ChatGPT excels at differential diagnostics in hard cases
Today’s go-to generative AI—namely ChatGPT-4—is pretty darned good at parsing out probable diseases in difficult-to-diagnose patient cases.
Harvard researchers at Beth Israel Deaconess Medical Center came to the conclusion by challenging a ChatGPT bot to give differential diagnoses for 70 particularly problematic cases. The cases were previously selected for educating physicians at 2023 conferences by the New England Journal of Medicine. (These teaching resources are best known by shorthand as clinicopathologic conferences.)
Here are answers to five questions raised by the present research.
- What’s the deal with differential? Differential diagnoses generally use lists to name conditions that might be causing the puzzling set of signs and symptoms. The lists are typically arranged in order of most to least likely final diagnosis. The approach takes into account medical histories, lab results and imaging findings.

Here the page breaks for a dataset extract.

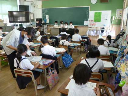係の人たちが前に来て、宿題の答え合わせをしています。一日の始まりも随分とスムーズになってきました。

- How good is ChatGPT at this? In the present study, published June 15 in the Journal of the American Medical Association (JAMA), Chat GPT-4 came back with the same final diagnosis as expert physicians at a 39% clip (27 of 70 cases). Meanwhile the technology included the final diagnosis in 64% of its differential lists (45 of 70 cases).

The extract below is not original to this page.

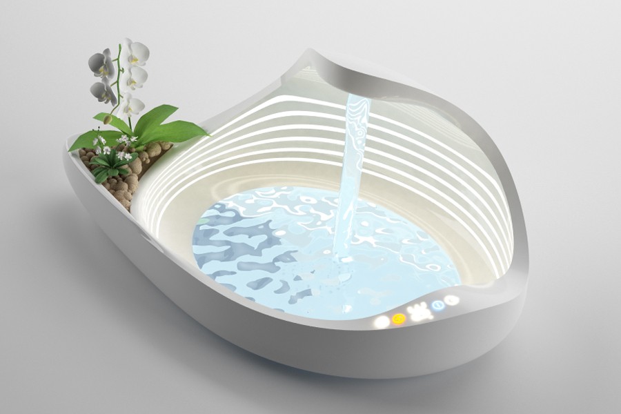 Zbirka je sestavljena iz 3 elementov: kopalnica, tuš in umivalnik. Vsak element v gladkih in organskih oblikah ima integrirane LED luči, ki ustvarjajo učinek svetlobne difuzije skozi prosojen material. Z prilagajanjem intenzivnosti in barve svetlobe si lahko privoščite prijetno kromoterapijo. Umivalnik ima še eno posebnost in sicer vgrajene cvetlične lončke, kjer lahko posadite svoje najljubše rastline.

- What benchmarks exist to place the new findings in context? ChatGPT’s performance compares favorably with that of earlier differentiator tools based in natural language processing (NLP). The authors cite a 2022 study showing an impressive rate of correct final diagnoses, 58% to 68%, while noting that forerunner’s only measure of quality was a “useful” vs. “not useful” binary. By comparison, in the present study, ChatGPT gave a “numerically superior mean differential quality score,” the Beth Israel Deaconess researchers report.

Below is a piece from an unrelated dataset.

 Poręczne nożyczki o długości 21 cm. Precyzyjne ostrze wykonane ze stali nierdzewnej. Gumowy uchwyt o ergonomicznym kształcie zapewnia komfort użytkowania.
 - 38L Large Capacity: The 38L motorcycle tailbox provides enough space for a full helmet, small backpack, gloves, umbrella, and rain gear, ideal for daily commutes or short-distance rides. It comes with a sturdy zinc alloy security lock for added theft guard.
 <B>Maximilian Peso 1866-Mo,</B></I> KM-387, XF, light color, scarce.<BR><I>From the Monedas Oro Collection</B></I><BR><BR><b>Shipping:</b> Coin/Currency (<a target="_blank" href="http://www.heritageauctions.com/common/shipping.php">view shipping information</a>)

- How solid is the new evidence? The authors—Zahir Kanjee, MD, MPH, Byron Crowe, MD, and Adam Rodman, MD, MPH—acknowledge some limitations in their study design. These included a touch of subjectivity in the outcome metrics and a lack of some important diagnostic information in the patient cases due to protocol limitations. On the other hand, if anything, this deficiency probably showed up as an underestimation of the model’s capabilities, they suggest.
- What is the upshot? Generative AI is “a promising adjunct to human cognition in diagnosis,” the authors conclude.
Additional author commentary:
“The model evaluated in this study, similar to some other modern differential diagnosis generators, is a diagnostic ‘black box.’ Future research should investigate potential biases and diagnostic blind spots of generative AI models.”
Clinicopathologic conferences like those from NEJM “are best understood as diagnostic puzzles,” the authors add. “Once privacy and confidentiality concerns are addressed, studies should assess performance with data from real-world patient encounters.”